Your goal: Output the full listing below exactly, without the pictures.

Given material:
####

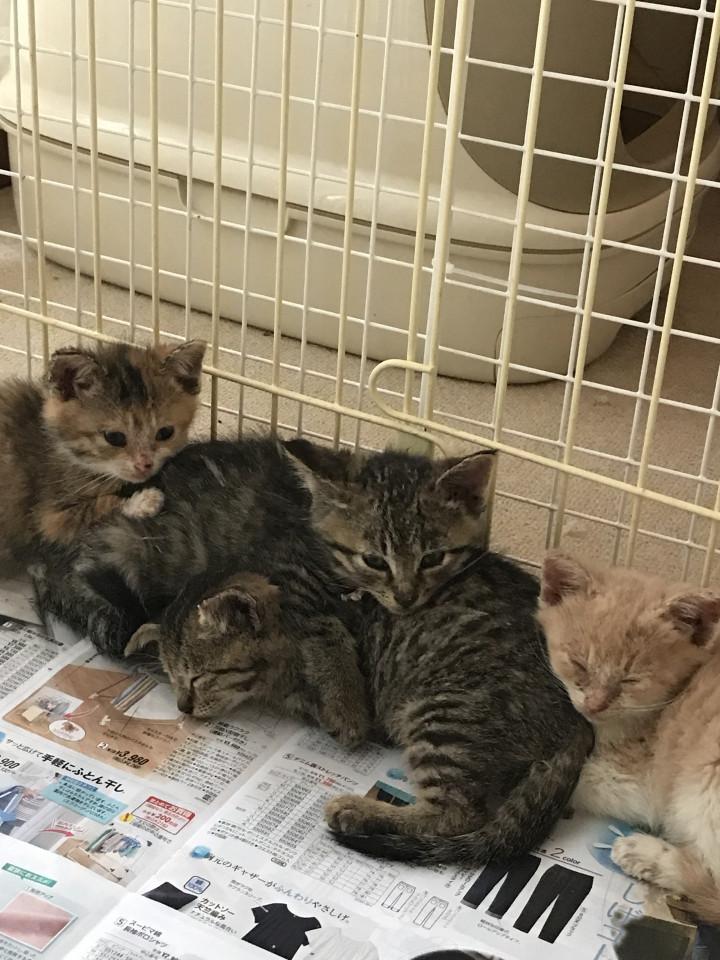 この子は最後の最後まで、なかなか捕獲できず、困っておりました。空き家の中でニャーニャーずっと鳴いていて、ほかの兄弟達はみんな捕獲されたので、たった1人でお腹もすいているのに、餌にも釣られず、ずっと鳴いているだけでした。そこで、先に捕獲した子猫を連れて行き、鳴いて(呼んで)もらったんです。先に捕獲された子猫がニャーニャー鳴くと(呼ぶと)、三毛はチョロチョロと空き家から出て来て、ガシッと捕獲できました。なんだか、胸が熱くなりました。三毛は1人で心細くて心細くて、兄弟達が迎えに来てくれたと思って、勇気を出して出て来たのでしょうね。子猫達が再会できて本当に良かったと思います。
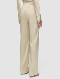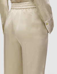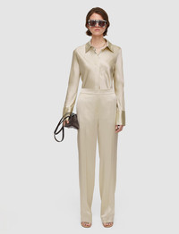 The Silk Satin Tova Trousers are a mid-rise, straight leg trouser, crafted from a smooth, lustrous silk. These trousers are rich in colour and feature a flat front which offers a clean, flattering look. - 100% silk - Designed for a regular fit - Straight leg - Mid-rise - Full-length - Side pockets - Pull-on style - Elasticated waistband at the back - Product code: jf0086901274 SIZE ADVICE - Regular outer leg length 113cm - 116cm - Shorter outer leg length 104cm - 107cm - Model wears French size 36 Discover the Trouser Guide and find your perfect fit CARE & MATERIALS Discover the Care Guide, a guide to help you to care for your garments. Discover the Care Guide, a guide to help you to care for your garments. - 100% Silk - Do not wash - Do not bleach - Do not tumble dry - Iron low temperature setting - Dry clean very light with restriction
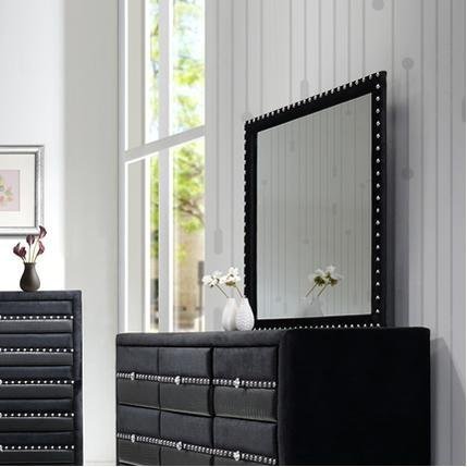 This Vegas dresser mirror from Generation Trade features nailhead trim and black upholstery.
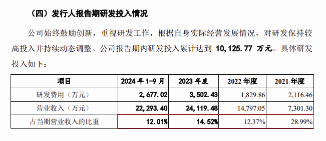 天星醫療強調,其所屬的醫療器械行業,屬于技術創新和高研發投入行業,公司需持續豐富產品管線并對于現有產品進行優化升級,以保持在行業競爭中的優勢,而且其自稱具有“強大的自主創新研發能力,多項核心技術實現產品轉化”。按理說,這樣的一家企業,對研發投入應該是出手闊綽、毫不吝嗇的,報告期內公司研發費用及其營收占比應具有穩定增長性。然而從招股書披露的數據來看,2021—2023年以及2024年前三季度,天星醫療的研發費用分別為2116.46萬元、1829.86萬元、3503.43萬元和2667.02萬元,對應的研發費用率則分別為28.99%、12.37%、14.52%和12.01%。

####

Response below:
 この子は最後の最後まで、なかなか捕獲できず、困っておりました。空き家の中でニャーニャーずっと鳴いていて、ほかの兄弟達はみんな捕獲されたので、たった1人でお腹もすいているのに、餌にも釣られず、ずっと鳴いているだけでした。そこで、先に捕獲した子猫を連れて行き、鳴いて(呼んで)もらったんです。先に捕獲された子猫がニャーニャー鳴くと(呼ぶと)、三毛はチョロチョロと空き家から出て来て、ガシッと捕獲できました。なんだか、胸が熱くなりました。三毛は1人で心細くて心細くて、兄弟達が迎えに来てくれたと思って、勇気を出して出て来たのでしょうね。子猫達が再会できて本当に良かったと思います。
 The Silk Satin Tova Trousers are a mid-rise, straight leg trouser, crafted from a smooth, lustrous silk. These trousers are rich in colour and feature a flat front which offers a clean, flattering look. - 100% silk - Designed for a regular fit - Straight leg - Mid-rise - Full-length - Side pockets - Pull-on style - Elasticated waistband at the back - Product code: jf0086901274 SIZE ADVICE - Regular outer leg length 113cm - 116cm - Shorter outer leg length 104cm - 107cm - Model wears French size 36 Discover the Trouser Guide and find your perfect fit CARE & MATERIALS Discover the Care Guide, a guide to help you to care for your garments. Discover the Care Guide, a guide to help you to care for your garments. - 100% Silk - Do not wash - Do not bleach - Do not tumble dry - Iron low temperature setting - Dry clean very light with restriction
 This Vegas dresser mirror from Generation Trade features nailhead trim and black upholstery.
 天星醫療強調,其所屬的醫療器械行業,屬于技術創新和高研發投入行業,公司需持續豐富產品管線并對于現有產品進行優化升級,以保持在行業競爭中的優勢,而且其自稱具有“強大的自主創新研發能力,多項核心技術實現產品轉化”。按理說,這樣的一家企業,對研發投入應該是出手闊綽、毫不吝嗇的,報告期內公司研發費用及其營收占比應具有穩定增長性。然而從招股書披露的數據來看,2021—2023年以及2024年前三季度,天星醫療的研發費用分別為2116.46萬元、1829.86萬元、3503.43萬元和2667.02萬元,對應的研發費用率則分別為28.99%、12.37%、14.52%和12.01%。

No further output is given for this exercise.